◆ **Aim of the exercise**:
From the first line of the listing below through the line with "Elegante tarjeta de", transcribe exactly and skip the pictures.
-- Opening Marker --
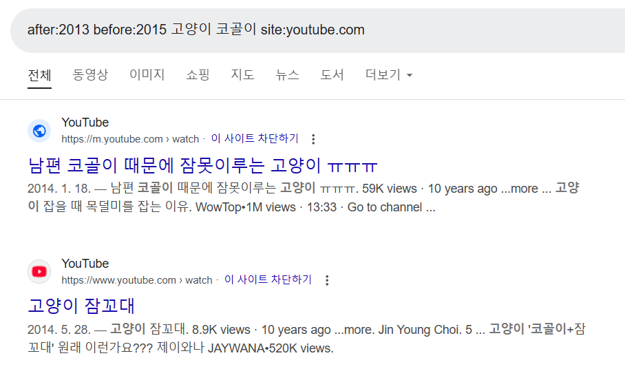 2013~2015년에 youtube에 업로드 된 고양이 코골이 영상을 검색할 때:
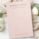 Elegante tarjeta de visualización de pendientes con campos de plantilla para la información de su negocio en un fondo de lino rosa rubor IMPRESO
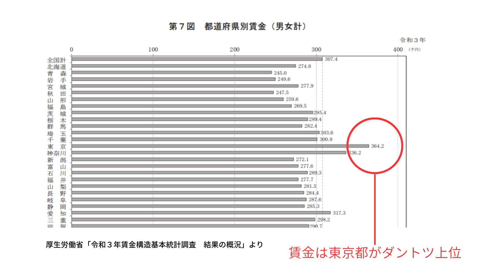上記グラフの通り、地方と都心では賃金格差があり、少子高齢化も進んでいます。婚活イベントなども、都市部に比べ頻度が限定的であり、地方では女性が希望する条件に見合う男性と出会う機会が限られ、婚活の行動範囲やチャンスに大きな差があると言えます。そんな背景の中で、郊外や地方から首都圏で男性との出会いの機会を見つけるために、地方から首都圏に上京し、婚活を行う女性も増えています。
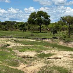 Nach einiger Zeit steht die Löwin auf, streckt sich und zieht langsam weiter in den Busch, wo wir mit dem Auto nicht folgen können. Also fahren wir selbst weiter, setzen unsere Safari fort und sehen noch viele andere Tiere. Doch je weiter wir kommen, desto sandiger wird die Piste, und bald begegnen wir kaum noch Tieren. Die meisten halten sich wohl in der Nähe des Wassers auf, denn es hat Monate lang nicht geregnet. Wir machen eine kleine Pause und kehren dann um.
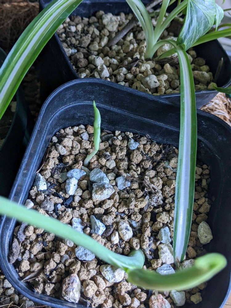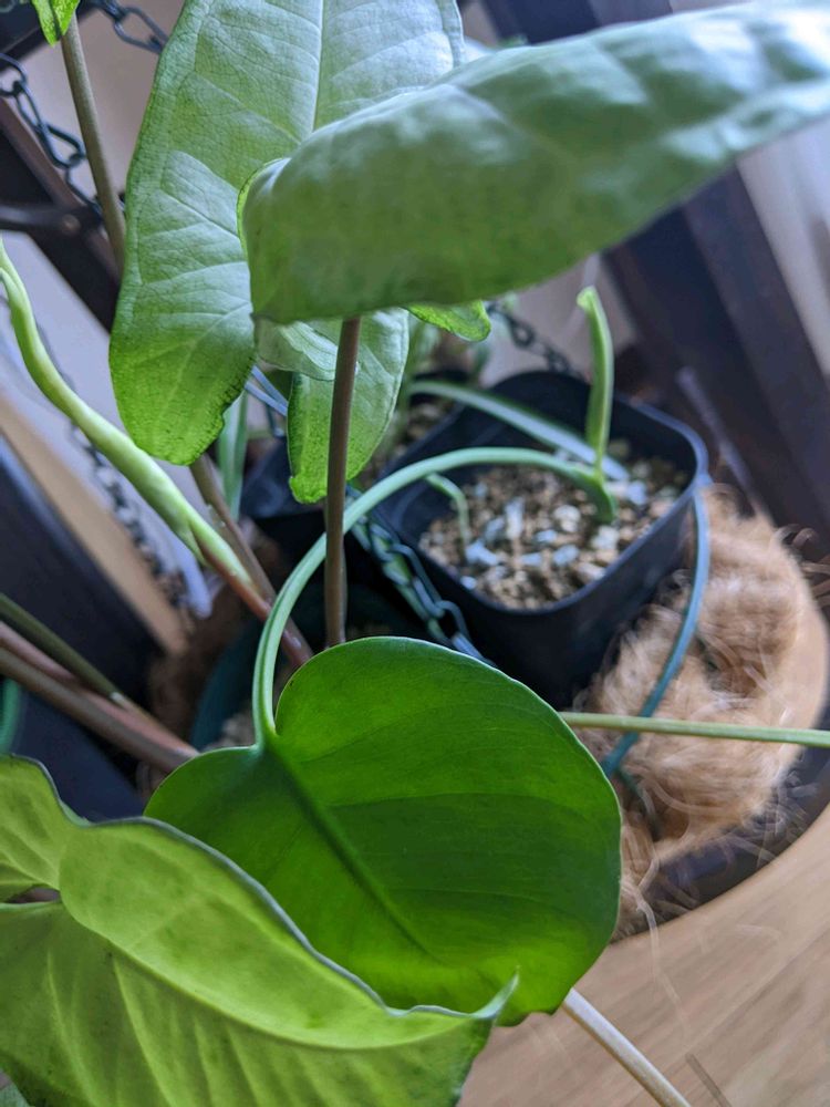 モンステラの新芽か、他の植物が紛れ込んだのかもよくわかりませんが、しばらくは現状維持で様子見です。
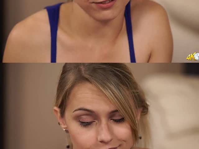Mice blonde Chloe Toy is playing with her panties while stud drills her tight cunt
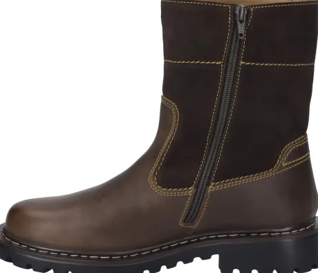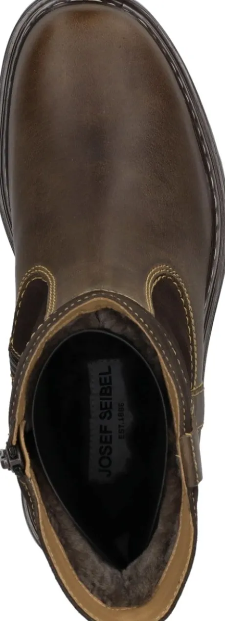 Korte herenlaars van Josef Seibel in bruin leer met suede met lamsvacht voering. De laars heeft aan de binnen zijde een rits waardoor die makkelijk is aan en uit te trekken. Het voorblad is glad en de zool heeft een profiel. De voetbedden zijn uitneembaar. ||Josef Seibel maakt schoenen sinds 1886. Het is een familiebedrijf en de fabriek staat in het Duitse Hauenstein. Ze maken leren schoenen met een goede pasvorm en een prima prijs/kwaliteit verhouding. Vaak zijn de voetbedden uitneembaar.
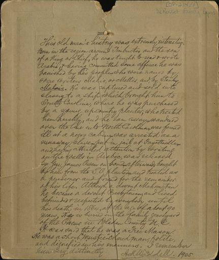 | Keywords: Omar Ibn Said c1905 verso.jpg Uncle Moro Omeroh the African or Arab Prince whom General James Owen bought and who lived in Wilmington N C for many years and died in Bladen County in 1864 aged about 90 years Reverse of this image contains holograph reminiscences of A M Waddell about Omar written in 1905 It describes how he read and wrote Arabic was born a Muslim and captured as a runaway slave ~ 1905 Photograph University Library The University of North Carolina at Chapel Hill Southern Historical Collection place of discovery object history exhibition history credit line Transcript Uncle Moro Omeroh the African or Arab Prince whom Gen Owens bought and who lived in Wilmington N C for many years and died in Bladen Co in 1804 aged about 90 years see other side This old man ™s history was extremely interesting Born in the region around Timbuctoo Timbuktu and the son of a King or Chief he was taught to read write Arabic having committed some offence he was banished by his people who were named by some writers Malis or Mellès and by Stanley Malais He was captured and sold into slavery to a ship which brought him to South Carolina where he was purchased by a young up-country planter who treated him harshly and he ran away wandered over the line into North Carolina was found ill at a negro cabin was arrested as a runaway slave put in jail at Fayetteville and having attracted attention by writing on the walls in Arabic was released by Gen James Owen on bond afterward bought by him from the S C planter and treated as a pensioner and friend for the remainder of his life Although a devout Mahometan Mohammedan/Muslim he became a devout Presbyterian and lived befriended respected by everybody until his death in 1804 at the age of about 90 years He is buried in the family graveyard of the Owens in Bladen County N C It was said that he was a Free Mason He was a short mustee colored man polite and dignified in his manners I remember him very distinctly A K Waddell 1905 accession number place of creation http //docsouth unc edu/nc/omarsaid/saidvs_150 jpg -of-omar-ibn-said/iQG8_0RWj1c9Pw hl en Omar Ibn Said |
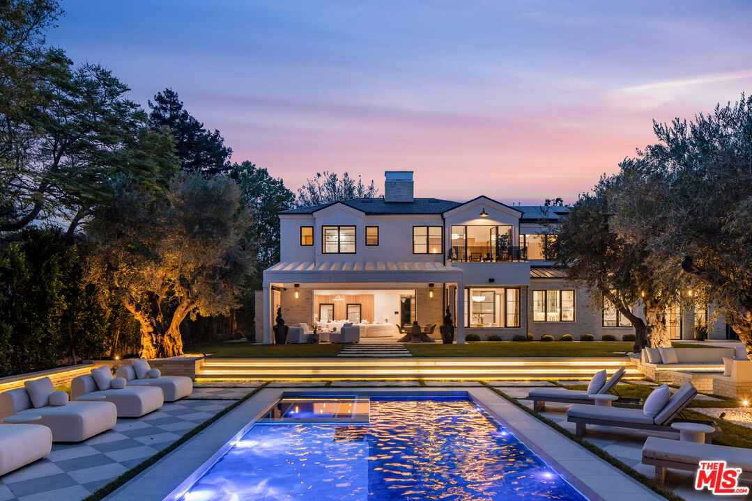 Welcome to 1220 Corsica Drive, a brand-new custom estate in Pacific Palisades' coveted Lower Riviera. Designed by renowned architect Ken Ungar with warmly layered interiors by Matthew Brinkley of Studio Brinkley, this contemporary residence spans approximately 10,293 square feet across three levels seamlessly blending bold scale, refined design, and effortless livability. Mature olive trees set the tone for the dramatic double-height foyer, which flows into expansive living and dining spaces wrapped in custom oak paneling, fluted textures, and a curated mix of luxurious finishes. At the heart of the home is a showstopping chef's kitchen, featuring sculptural marble, custom cabinetry, a walk-in pantry, and a separate staff kitchen ideal for entertaining at scale. Also on the main level are a sophisticated home office, wine bar, oversized laundry room with dual washers and dryers, and a generous guest suite with en-suite bath and direct access to the rear grounds. Upstairs, the primary suite is a true retreat offering a private terrace, spa-like bath with soaking tub and oversized marble shower, dual walk-in closets, and a tranquil sitting area perfect for unwinding or working in peace. The additional bedrooms are all spacious and light-filled, each with its own en-suite bath for comfort and privacy. On the lower level, discover an entertainer's dream: a state-of-the-art theater, full bar and lounge, wine cellar, tasting room, expansive fitness center, and a serene wellness suite with sauna, steam shower, and a private en-suite bedroom. An elevator provides convenient access to each of the three levels. Step outside to a resort-style backyard, complete with a pool and spa, cascading water feature, multiple lounge areas, firepit, outdoor kitchen, and al fresco dining beneath a charming pergola all framed by olive trees and privacy hedging, and enhanced by thoughtful lighting for a striking ambiance after dark. With integrated smart home technology, solar power, and top-tier systems, 1220 Corsica Drive is a true expression of modern luxury offering architectural excellence, resort-caliber amenities, and timeless elegance in one of the Westside's most prestigious enclaves.Interested in this Listing?
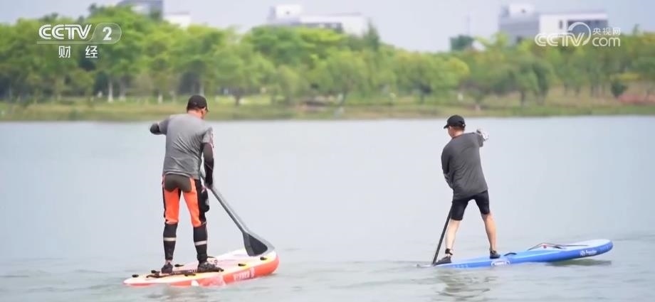除此之外,不少市民會選擇專門的機構,體驗更為多樣的水上運動。在浙江臨安的一家水上運動中心,既可以體驗摩托艇零到近百碼的動力加速度,也可以站在槳板上,悠然地穿梭于湖泊之上。運動中心負責人告訴記者,目前機構包括水上摩托、尾波沖浪、槳板等11個水上項目。
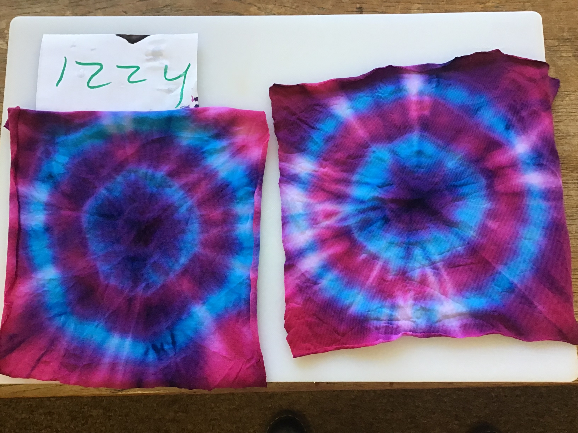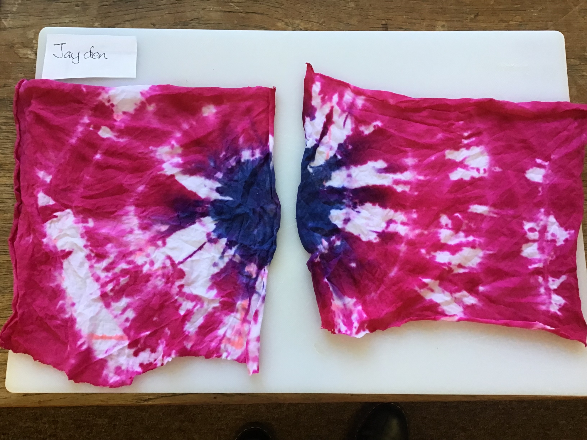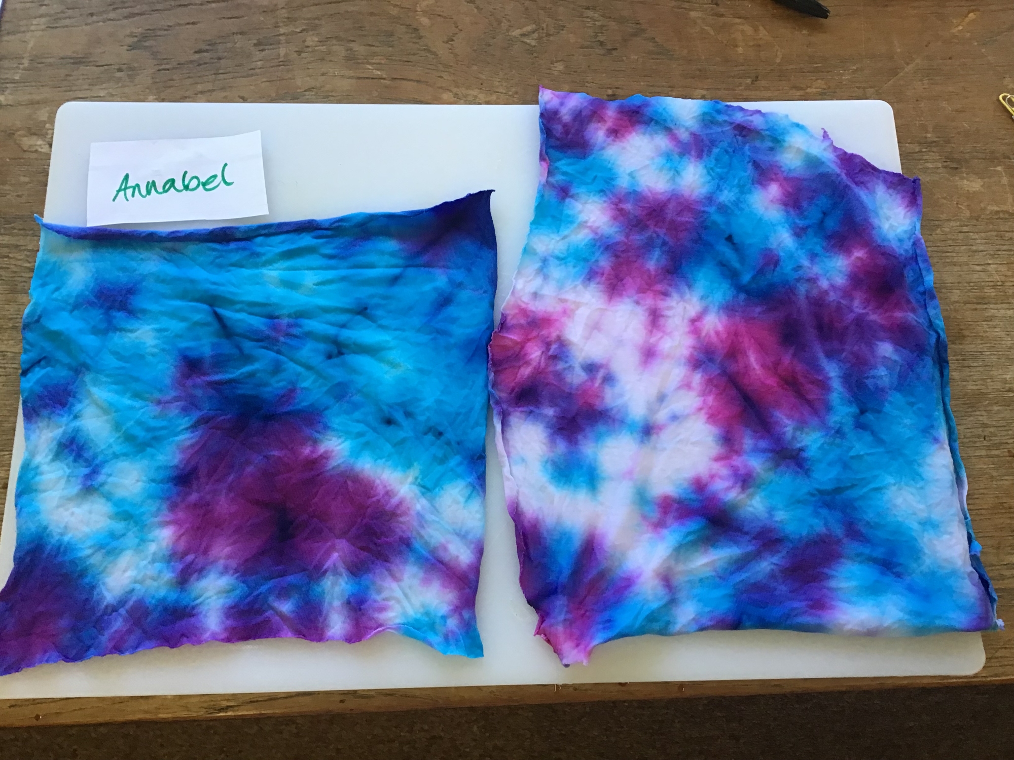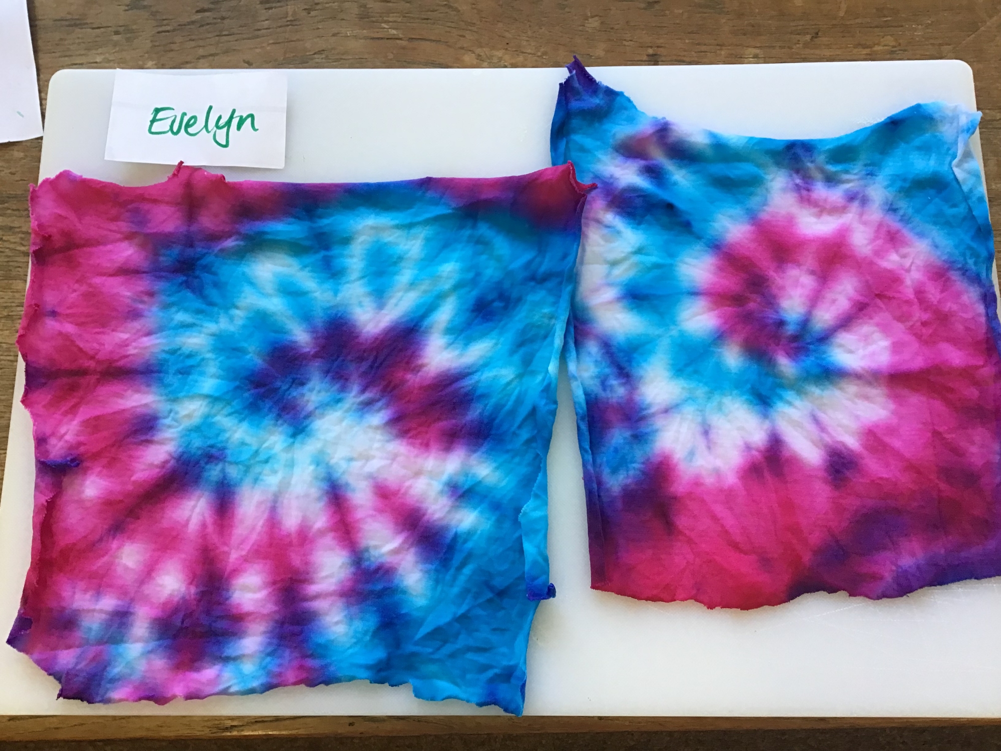 Here are just some of our brilliant dyed fabrics! Our fabrics have been cut, twisted, tied and dyed and are ready to be sewn into a cushion. We thoroughly enjoyed twisting and tying the fabric and then applying the dye. We are really pleased with the outcome!
-- Closing Marker --
◆ **Result below**:
 2013~2015년에 youtube에 업로드 된 고양이 코골이 영상을 검색할 때:
 Elegante tarjeta de visualización de pendientes con campos de plantilla para la información de su negocio en un fondo de lino rosa rubor IMPRESO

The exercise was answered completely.